Towards Optimal Use of Surrogate Markers to Improve Power

TL;DR

This paper develops an optimal transformation framework for surrogate markers to better predict primary outcomes, introduces a new measure called relative power, and demonstrates its effectiveness through simulations and a clinical trial application.

Contribution

It proposes a novel method to derive an optimal transformation of surrogate markers and introduces the relative power measure for improved decision-making in clinical trials.

Findings

The optimal transformation significantly improves surrogate-based inference.

The relative power measure outperforms existing surrogacy measures.
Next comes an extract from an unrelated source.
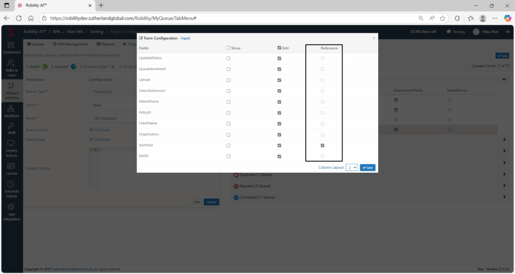 For all existing projects, the Reference field is already available in the Queues section. To implement duplicate handling in current workflows, business rules must be configured properly.
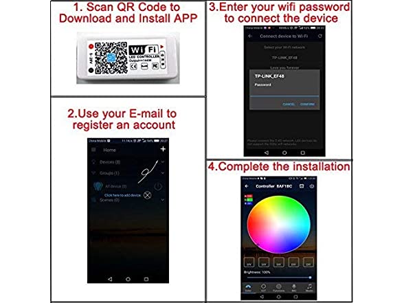- 16 Million RBG Colors -- Built-in 5050 SMD LED flexible lighting strip, it can achive in 16 million colors and be adjusted from 1% to 100% brightness by your smartphone. Best for decorating your home, especially great for holidays and events like Christmas, Halloween, Party.

Simulation studies confirm the method's robustness and practical utility.

Abstract

Motivated by increasing pressure for decision makers to shorten the time required to evaluate the efficacy of a treatment such that treatments deemed safe and effective can be made publicly available, there has been substantial recent interest in using an earlier or easier to measure surrogate marker, $S$, in place of the primary outcome, $Y$. To validate the utility of a surrogate marker in these settings, a commonly advocated measure is the proportion of treatment effect on the primary outcome that is explained by the treatment effect on the surrogate marker (PTE). Model based and model free estimators for PTE have also been developed. While this measure is very intuitive, it does not directly address the important questions of how $S$ can be used to make inference of the unavailable $Y$ in the next phase clinical trials. In this paper, to optimally use the information of surrogate S, we provide a framework for deriving an optimal transformation of $S$, $g_{opt}(S)$, such that the treatment effect on $g_{opt}(S)$ maximally approximates the treatment effect on $Y$ in a certain sense. Based on the optimally transformed surrogate, $g_{opt}(S)$, we propose a new measure to quantify surrogacy, the relative power (RP), and demonstrate how RP can be used to make decisions with $S$ instead of $Y$ for next phase trials. We propose nonparametric estimation procedures, derive asymptotic properties, and compare the RP measure with the PTE measure. Finite sample performance of our estimators is assessed via a simulation study. We illustrate our proposed procedures using an application to the Diabetes Prevention Program (DPP) clinical trial to evaluate the utility of hemoglobin A1c and fasting plasma glucose as surrogate markers for diabetes.